Key Points
- Hidden Infrastructure: Glean aims to build the data orchestration layer underlying enterprise AI interfaces, while Microsoft, Google, OpenAI, and Anthropic compete for the application market.
- Strategic Partnership: Anthropic has signed an agreement with Tata Consultancy Services (TCS) to scale Claude deployments across multiple business units and platforms in enterprise operations.
- Modular Nuclear Energy: Small Modular Reactors (SMRs), with capacity below 300 MWe each, position themselves as a decentralized energy solution to power the next generation of AI data centers.
The Invisible War Beneath the Interface
There is a battle that goes unseen, but it will determine who truly controls artificial intelligence in global enterprises. It is not fought with chatbots or stage demonstrations at conferences. It is fought in infrastructure layers, in data pipelines, in the silent connectors that unite dozens of heterogeneous corporate systems. And this is precisely where Glean has chosen to position itself, with a strategic clarity that major players seem struggling to replicate.
While Microsoft integrates Copilot into the Office ecosystem and Google pushes Gemini within Workspace, the dominant narrative speaks of virtual assistants, prompt boxes, and increased productivity. But this narrative is, in large part, a commercial simplification. The real problem of enterprise AI is not the interface: it is data fragmentation. A mid-sized company manages dozens of tools — CRM, ERP, document repositories, communication platforms — that rarely communicate coherently. Without a layer of semantic and contextual connection, any AI assistant remains a brilliant but blind tool.

Glean has built its value proposition precisely on this gap. It does not compete directly with Copilot or Gemini on the conversational interface plane: it aspires to become the search engine and data understanding engine for corporate data that powers any AI surface, regardless of provider. A position of potential strategic neutrality that, in the medium term, could prove more defensible than any exclusive agreement.
Anthropic Chooses TCS's Industrial Scale
On the opposite end of the spectrum — that of massive adoption and enterprise go-to-market — Anthropic moves with a decision that merits analytical attention. The partnership announced with Tata Consultancy Services is not an ordinary distribution agreement. TCS is one of the world's largest system integrators, with a capillary presence in regulated sectors such as banking, insurance, healthcare, and advanced manufacturing. Choosing TCS means choosing a network of institutional relationships that no technology startup, however well-funded, could build autonomously in reasonable timeframes.
Anthropic's move responds to precise competitive pressure. OpenAI has consolidated its enterprise presence through the Microsoft Azure ecosystem, benefiting from enormous commercial force and distributive reach. Anthropic, with Claude as its primary asset, must find alternative channels to reach business units of large corporations without passing through intermediaries that could, over time, erode its margins and control over the relationship with the end customer. TCS offers exactly this: direct access, institutional credibility, and industrial-scale deployment capability.
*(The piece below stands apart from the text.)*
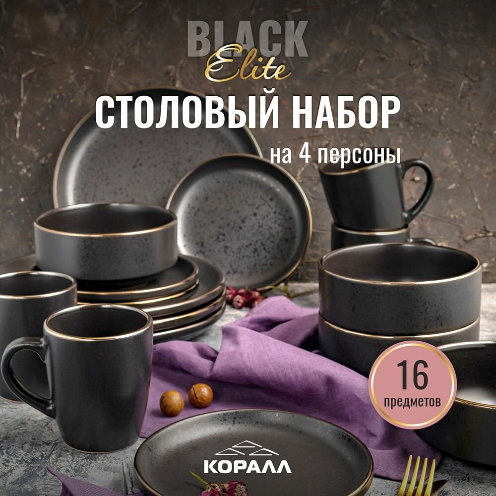 Набор посуды столовой 16 предметов на 4 персоны Elite Black керамика в подарочной упаковке столовый сервиз обеденный

The agreement provides for extending collaboration across multiple platforms and operational divisions, suggesting deep integration rather than merely superficial engagement. This is not about reselling API licenses: it is about building vertical solutions in which Claude becomes a structural component of TCS clients' business processes.
The Problem No One Wants to Address: Energy
All this rush toward enterprise AI — the partnerships, the infrastructure layers, the large-scale deployments — collides with a physical constraint that the technology sector has long treated as an operational detail: energy consumption. Next-generation data centers, optimized for inference workloads and training on increasingly large models, require power density that traditional electrical grids struggle to guarantee with continuity and with the decarbonization commitments that major tech operators have pledged to respect.

In this context, Small Modular Reactors, or SMRs, emerge with growing concreteness. With generative capacity below 300 MWe per unit, these next-generation micro nuclear reactors represent a radically different response compared to traditional renewable solutions. They do not depend on solar or wind intermittency, can be installed near consumption sites — reducing transmission losses — and offer energy density that no other currently available clean technology can match.
Their adoption in AI infrastructure is no longer an academic hypothesis. Several hyperscale data center operators are exploring energy supply agreements based on SMRs, with deployment timeframes between 2028 and 2032. The market for SMRs dedicated to digital infrastructure is estimated to grow significantly over the next decade, with major developers — including NuScale, Rolls-Royce SMR, and TerraPower — in advanced regulatory certification phases in Europe and North America.
An Ecosystem Stratifying Rapidly
What emerges from the joint analysis of these three vectors — Glean's infrastructure war, Anthropic's distributive scaling through TCS, and the energy question of SMRs — is an enterprise AI ecosystem stratifying at a speed exceeding the general market's comprehension capacity. Each layer has its own dominant players, its own competitive logics, and its own bottlenecks. Whoever controls a single layer, however effectively, remains exposed to dependence on the others. Whoever manages to control two or more builds a structural advantage that is difficult to attack. At the moment, no single player controls the entire chain. But 2026 is the year in which positions are crystallizing.